====== Exercise input ======
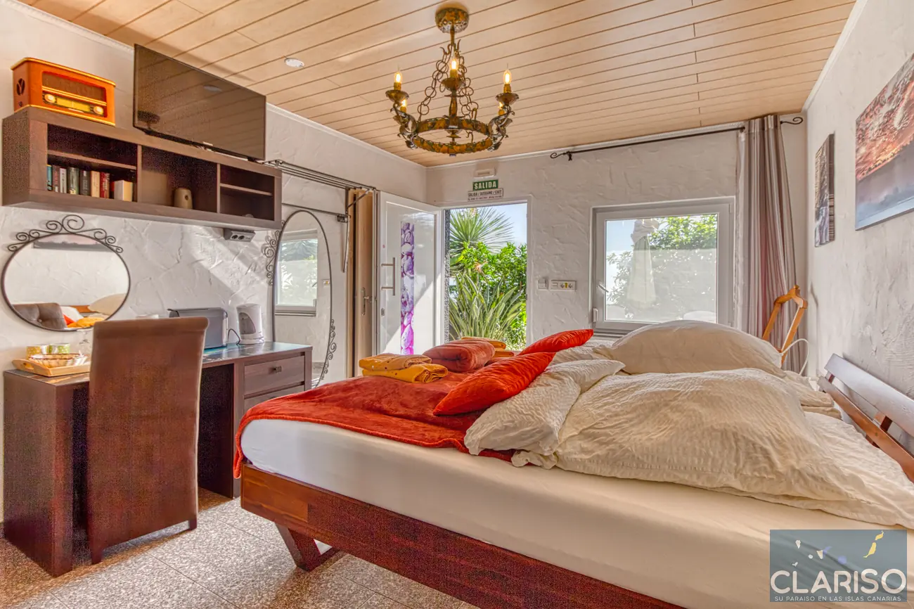Hotel Rural Los Piratas 2 ligt in het middelste gebouw van het charmante complex in Tijarafe, wijk Arecida, op ongeveer 620 m hoogte aan de westkant van La Palma. De stijlvolle tweepersoonskamer maakt deel uit van het idyllische Hotel Rural Los Piratas met gemeenschappelijk zwembad, tropische tuin en rustige natuurlijke omgeving – ideaal voor rustzoekers, natuurliefhebbers en wandelaars.
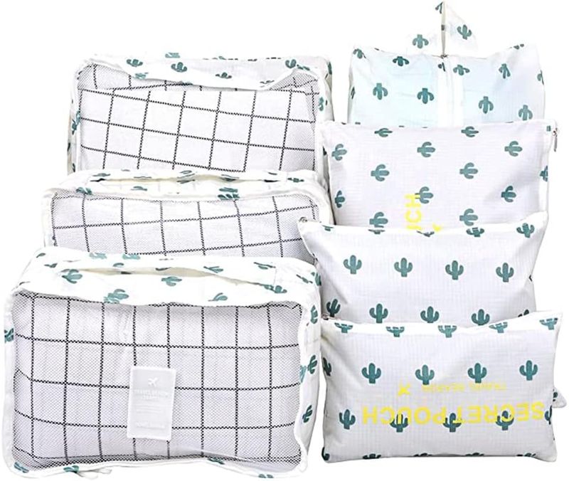 Fxkoolr Juego de 7 cubos de equipaje organizadores de equipaje de viaje con bolsa de zapatos para
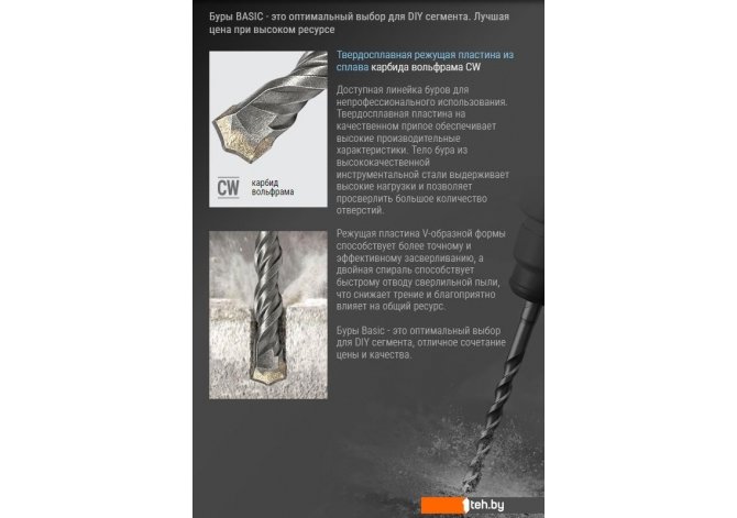 | Информация | - Сверло-бур по бетону Basic SDS+ 692241 подходит для перфораторов с системой крепления SDS-Plus. - Идеально подходит для бурения отверстий в бетоне, камне, кирпиче. - Твердосплавная пластина на качественном припое обеспечивает высокую производительность. - Двойная спираль обеспечивает быстрый отвод сверлильной пыли, снижая трение. - Тело бура из высококачественной инструментальной стали выдерживает высокие нагрузки. - Режущая пластина V-образной формы обеспечивает более точное и эффективное засверливание. |
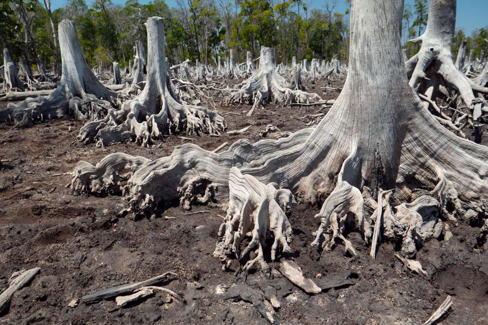 Ms. Alphine inspects a cut mangrove tree whilst on patrol
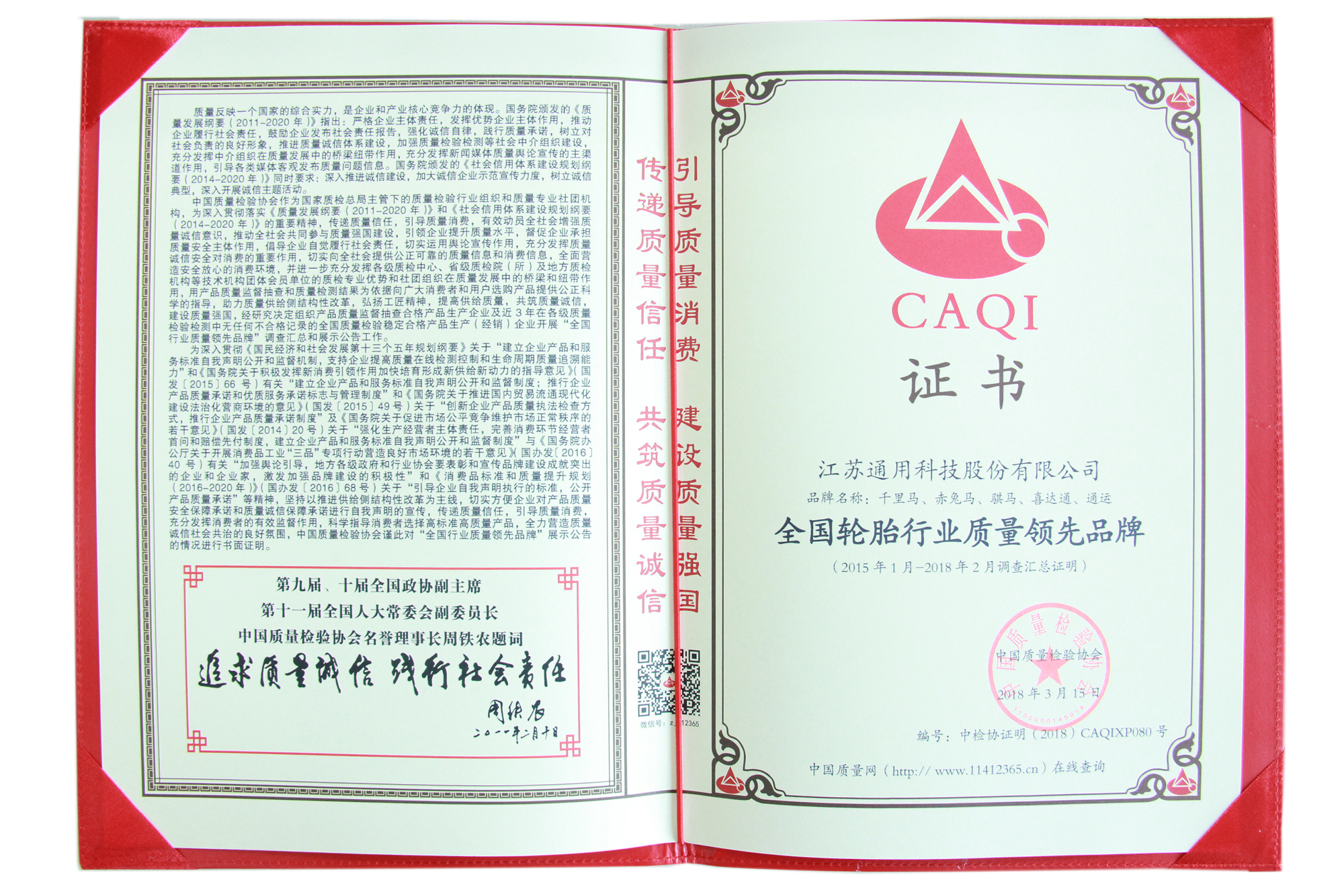 近日,在由國家質檢總局和中國質量檢驗協會聯合開展的“產品和服務質量誠信承諾”主題活動中,通用股份榮獲“全國產品和服務質量誠信示范企業(yè)”、“全國輪胎行業(yè)質量領先品牌”稱號。
======
Goal of the exercise
Return all records above verbatim without their pictures.

Output for this exercise
Hotel Rural Los Piratas 2 ligt in het middelste gebouw van het charmante complex in Tijarafe, wijk Arecida, op ongeveer 620 m hoogte aan de westkant van La Palma. De stijlvolle tweepersoonskamer maakt deel uit van het idyllische Hotel Rural Los Piratas met gemeenschappelijk zwembad, tropische tuin en rustige natuurlijke omgeving – ideaal voor rustzoekers, natuurliefhebbers en wandelaars.
 Fxkoolr Juego de 7 cubos de equipaje organizadores de equipaje de viaje con bolsa de zapatos para
 | Информация | - Сверло-бур по бетону Basic SDS+ 692241 подходит для перфораторов с системой крепления SDS-Plus. - Идеально подходит для бурения отверстий в бетоне, камне, кирпиче. - Твердосплавная пластина на качественном припое обеспечивает высокую производительность. - Двойная спираль обеспечивает быстрый отвод сверлильной пыли, снижая трение. - Тело бура из высококачественной инструментальной стали выдерживает высокие нагрузки. - Режущая пластина V-образной формы обеспечивает более точное и эффективное засверливание. |
 Ms. Alphine inspects a cut mangrove tree whilst on patrol
 近日,在由國家質檢總局和中國質量檢驗協會聯合開展的“產品和服務質量誠信承諾”主題活動中,通用股份榮獲“全國產品和服務質量誠信示范企業(yè)”、“全國輪胎行業(yè)質量領先品牌”稱號。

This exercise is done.